Work to be completed: All entries should be copied exactly; the pictures stay out.

Supplied material:
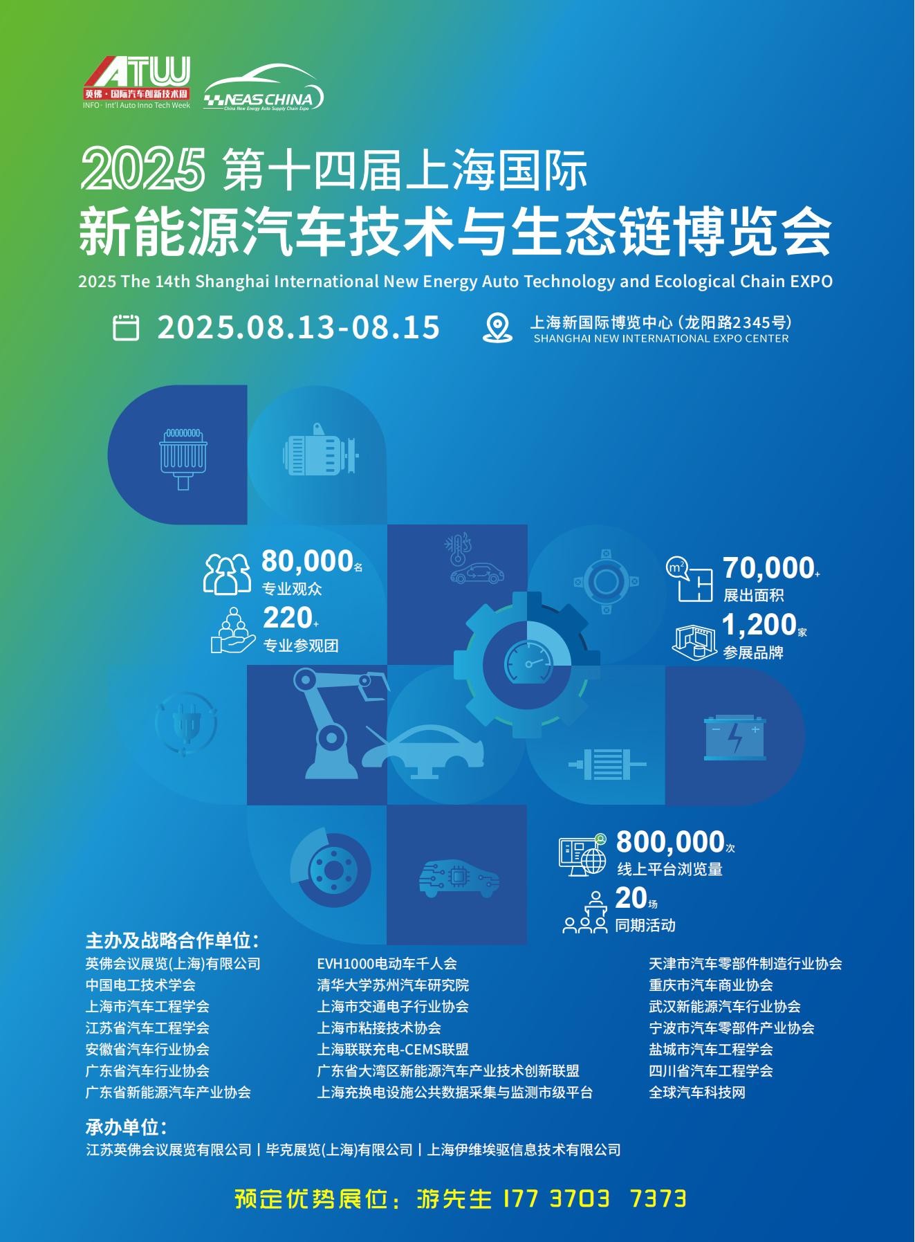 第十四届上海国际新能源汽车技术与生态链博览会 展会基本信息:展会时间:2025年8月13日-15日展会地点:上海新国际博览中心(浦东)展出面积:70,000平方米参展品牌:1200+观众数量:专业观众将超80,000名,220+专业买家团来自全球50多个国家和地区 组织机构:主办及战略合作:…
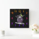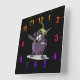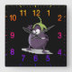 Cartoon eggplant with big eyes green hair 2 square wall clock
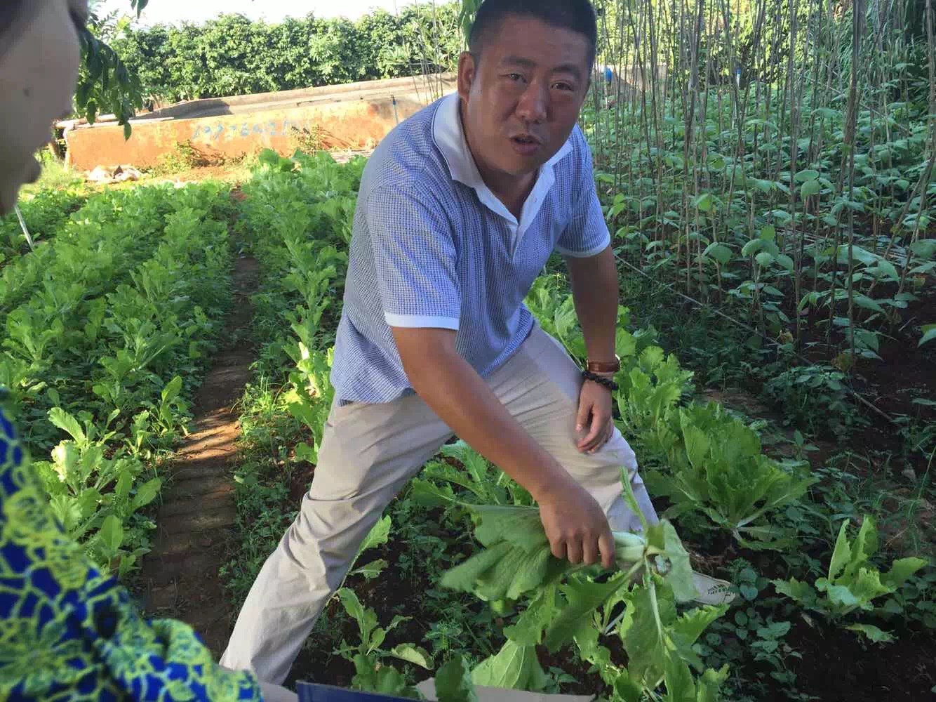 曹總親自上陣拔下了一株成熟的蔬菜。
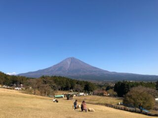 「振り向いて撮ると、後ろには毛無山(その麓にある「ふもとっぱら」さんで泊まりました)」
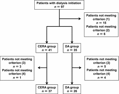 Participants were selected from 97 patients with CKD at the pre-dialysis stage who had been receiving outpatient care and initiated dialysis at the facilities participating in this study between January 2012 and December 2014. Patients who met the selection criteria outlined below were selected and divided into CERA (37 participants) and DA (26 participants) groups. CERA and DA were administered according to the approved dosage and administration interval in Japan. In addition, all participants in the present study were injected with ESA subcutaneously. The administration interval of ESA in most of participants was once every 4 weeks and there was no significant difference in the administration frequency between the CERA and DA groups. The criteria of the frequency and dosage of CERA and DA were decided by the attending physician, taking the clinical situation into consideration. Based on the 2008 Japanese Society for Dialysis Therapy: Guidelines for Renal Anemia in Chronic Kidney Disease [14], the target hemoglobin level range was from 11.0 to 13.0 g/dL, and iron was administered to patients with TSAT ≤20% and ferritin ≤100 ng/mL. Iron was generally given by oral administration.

Finished exercise:
 第十四届上海国际新能源汽车技术与生态链博览会 展会基本信息:展会时间:2025年8月13日-15日展会地点:上海新国际博览中心(浦东)展出面积:70,000平方米参展品牌:1200+观众数量:专业观众将超80,000名,220+专业买家团来自全球50多个国家和地区 组织机构:主办及战略合作:…
 Cartoon eggplant with big eyes green hair 2 square wall clock
 曹總親自上陣拔下了一株成熟的蔬菜。
 「振り向いて撮ると、後ろには毛無山(その麓にある「ふもとっぱら」さんで泊まりました)」
 Participants were selected from 97 patients with CKD at the pre-dialysis stage who had been receiving outpatient care and initiated dialysis at the facilities participating in this study between January 2012 and December 2014. Patients who met the selection criteria outlined below were selected and divided into CERA (37 participants) and DA (26 participants) groups. CERA and DA were administered according to the approved dosage and administration interval in Japan. In addition, all participants in the present study were injected with ESA subcutaneously. The administration interval of ESA in most of participants was once every 4 weeks and there was no significant difference in the administration frequency between the CERA and DA groups. The criteria of the frequency and dosage of CERA and DA were decided by the attending physician, taking the clinical situation into consideration. Based on the 2008 Japanese Society for Dialysis Therapy: Guidelines for Renal Anemia in Chronic Kidney Disease [14], the target hemoglobin level range was from 11.0 to 13.0 g/dL, and iron was administered to patients with TSAT ≤20% and ferritin ≤100 ng/mL. Iron was generally given by oral administration.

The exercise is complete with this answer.